I feel like im on the flipside of it. Like im looking at things as seeing the better side but not being in it. That im drawing from negativity and responding with more and more of it. To be fair I feel inbetween the two but more drawn to the depressing points.
Maybe it's just the environment im in. But im having trouble accepting and connecting with the better parts of life. I know they exist, but.. I don't know what's going on. I feel surrounded inside by darkness if that makes sense. Doesn't take much for me to go either way, but who I am inside is always the same. I just feel very small in a very large existence.
I wasnt this bad months ago. I was bad but not like this. It's hard for me to believe I am a good part of this life. Infact I seriously don't feel I am in alot of ways. Maybe that's why.. maybe I need to confess my own personal indisgressions so I can move past and work to undo the bending i've let myself do. Or maybe Im just being ultra sensitive and my perception on this is skewed. I feel like im full of a black perception and I dont want it near anything thats lovely or beautiful.

:( idk I get into arguments and it's horrible. I cant even begin to explain how it feels. I just watched an argument in a movie and I felt crazy inside. it's hard to explain, but i think that's part of what's making me feel like this. It shakes me to the core. Its like i cant let anyone in there for some reason. Idk..

im really tired of everything reminding me or making me feel like shit. Well I suppose it's really just me reminding myself and making myself feel like this. Maybe that's just who I am. Selfcentered or something.

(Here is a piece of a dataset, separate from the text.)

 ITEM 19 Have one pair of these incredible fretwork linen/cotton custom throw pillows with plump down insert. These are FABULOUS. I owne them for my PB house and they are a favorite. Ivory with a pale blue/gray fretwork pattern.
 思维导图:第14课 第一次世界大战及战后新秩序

This shits a joke, this is not living, how the hell can you live if your prepetually focused on yourself. I just need a break but i cant feel or find it. Well I know I have to make it happen.
 

justMe7

Well-Known Member
#4
I really can't keep taking this. I can pick myself up but I fall so much further everyday. The only thing stopping me is hurting the people I care about now. All the other reasons are fading away like everything else. It's only a matter of time now..
I've never felt so useless and low in my entire life. And everytime i get out of it I fall even further into a uselsssness state.
Do you know what I have to do now? I almost know i have to end my relationships as far as personal ones because I need to make sure that they're not thinking about me in anyway on a personal level.

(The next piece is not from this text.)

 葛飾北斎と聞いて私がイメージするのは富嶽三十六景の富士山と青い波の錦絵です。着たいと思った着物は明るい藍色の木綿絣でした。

Ive destroyed my life, and everytime i eventually feel the truth of her words of every failing leeching horrible thing that I am. She may be right, maybe I should just go and die.

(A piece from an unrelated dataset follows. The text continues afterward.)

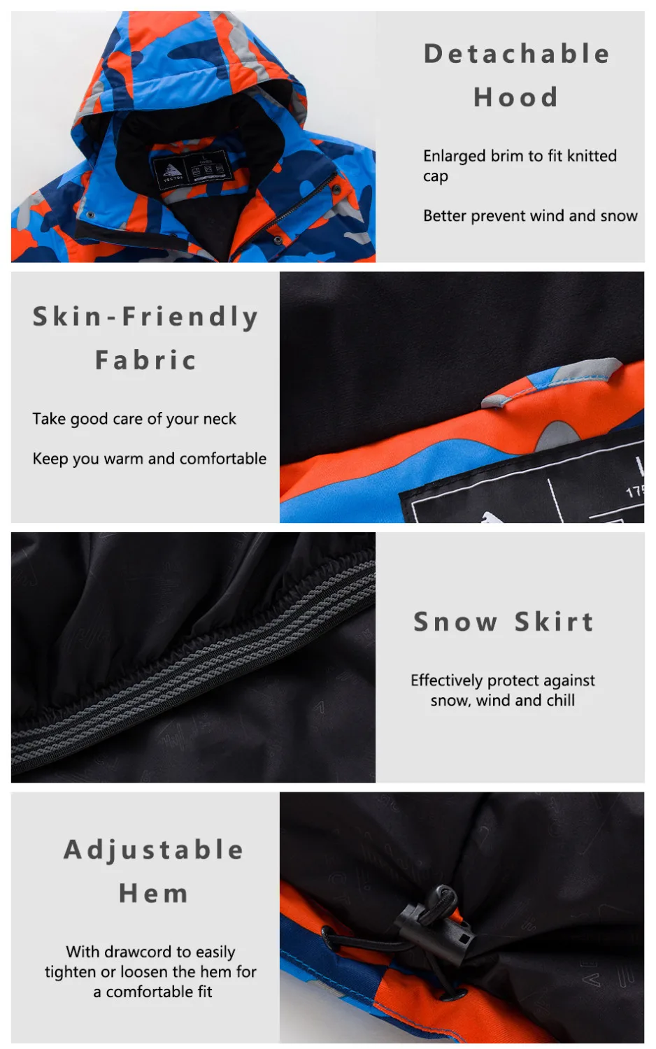 * Съемная Зимняя юбка-помогает предотвратить попадание снега в куртку, если вы принимаете барабаны. Съемная зарядка через для большей гибкости

I cant get that shit out of my head and heart, and alot of it was said to all my fears and personal failings that she knows about. Yah... I suppose I want her to know that no matter what Ive done, I didnt dserve those words. You're a foolish girl who uses and lies about personal issues to get what you need. Funny how a useless deadbeat person like me ended up with you. Was I a life force for you to bounce from and learn from?

I cant even get a fucking job to leave this house. fucking waterfall keeps racing in my had.
I am not the same person I was months ago. You destroyed and tainted all future hopes for me with you abusive direct assualt black EVIL fucking NASTY DISGUSTING manipulating irrational waves of backlash. I cant evn hate you and I dont know why.